04Which is growing faster — TPCS or WWD?
By revenue growth (latest reported year), TechPrecision Corporation (TPCS) is pulling ahead at 7.
7% versus 7. 3% for Woodward, Inc. (WWD). On earnings-per-share growth, the picture is similar: TechPrecision Corporation grew EPS 64. 2% year-over-year, compared to 19. 6% for Woodward, Inc.. Over a 3-year CAGR, TPCS leads at 15. 2% annualised revenue growth. Higher growth typically commands a higher valuation multiple — check whether the premium P/E or P/S is justified by the growth rate using the PEG ratio.
05Which has better profit margins — TPCS or WWD?
Woodward, Inc.
(WWD) is the more profitable company, earning 12. 4% net margin versus -8. 1% for TechPrecision Corporation — meaning it keeps 12. 4% of every revenue dollar as bottom-line profit. Operating margin tells a similar story: WWD leads at 14. 3% versus -6. 3% for TPCS. At the gross margin level — before operating expenses — WWD leads at 26. 8%, reflecting greater pricing power or product mix advantage. Stronger margins indicate durable pricing power, lower cost of revenue, or higher mix of software/services. They are one of the clearest signs of business quality.

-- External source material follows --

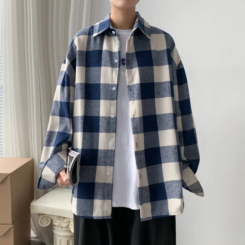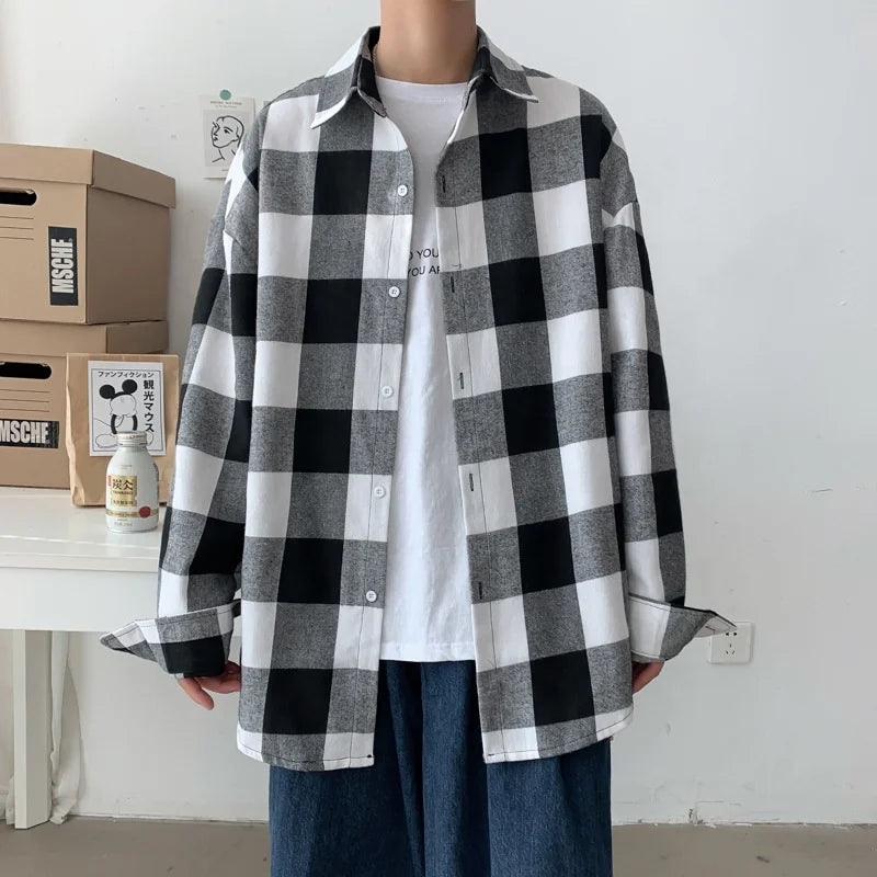 Long-sleeved plaid shirt men's spring Korean style trendy
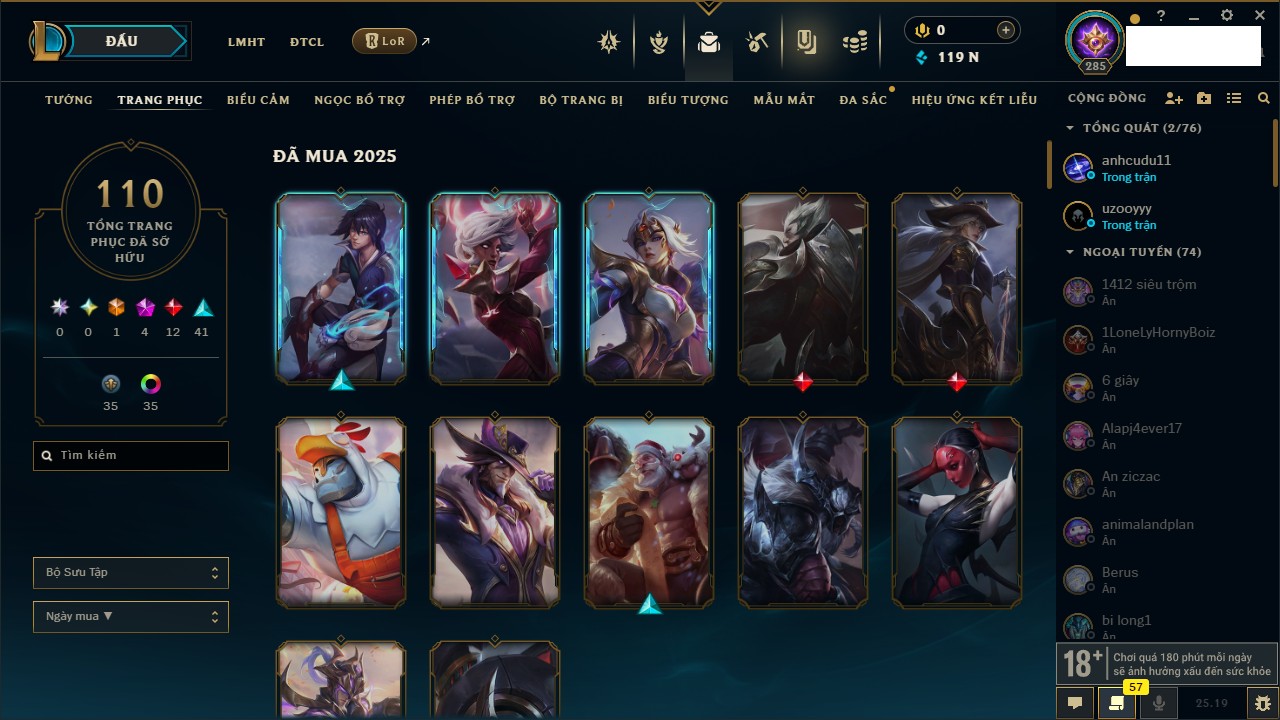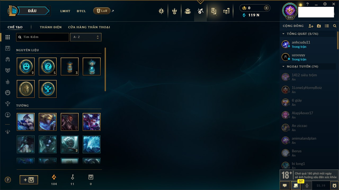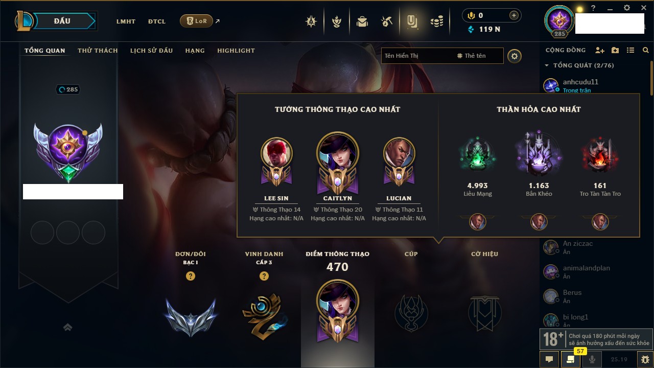 Rank Đơn: Bạc IVKhung: VàngTướng: 172 - Còn 358384 THXTrang Phục: 177Rank ĐTCL: Lục Bảo IILinh Thú: 211

06Which pays a better dividend — TPCS or WWD?
In this comparison, WWD (0.
3% yield) pays a dividend. TPCS does not pay a meaningful dividend and should not be held primarily for income.
07Is TPCS or WWD better for a retirement portfolio?
For long-horizon retirement investors, TechPrecision Corporation (TPCS) is the stronger choice — it scores higher on the combination of lower volatility, dividend reliability, and long-term compounding (low volatility (β 0.
88), +415. 0% 10Y return). Both have compounded well over 10 years (TPCS: +415. 0%, WWD: +600. 0%), confirming both are viable long-term holds — but the lower-volatility option typically results in less emotional selling during corrections. Retirement portfolios generally favour predictability over maximum returns. Consult a financial advisor before making allocation decisions.
08What are the main differences between TPCS and WWD?
Both stocks operate in the Industrials sector, making this a peer-level intra-sector comparison — the same macro tailwinds and headwinds will affect both.
These fundamental differences mean investors should not choose between them on a single metric — the "better stock" depends entirely on which of these characteristics aligns with your investment strategy.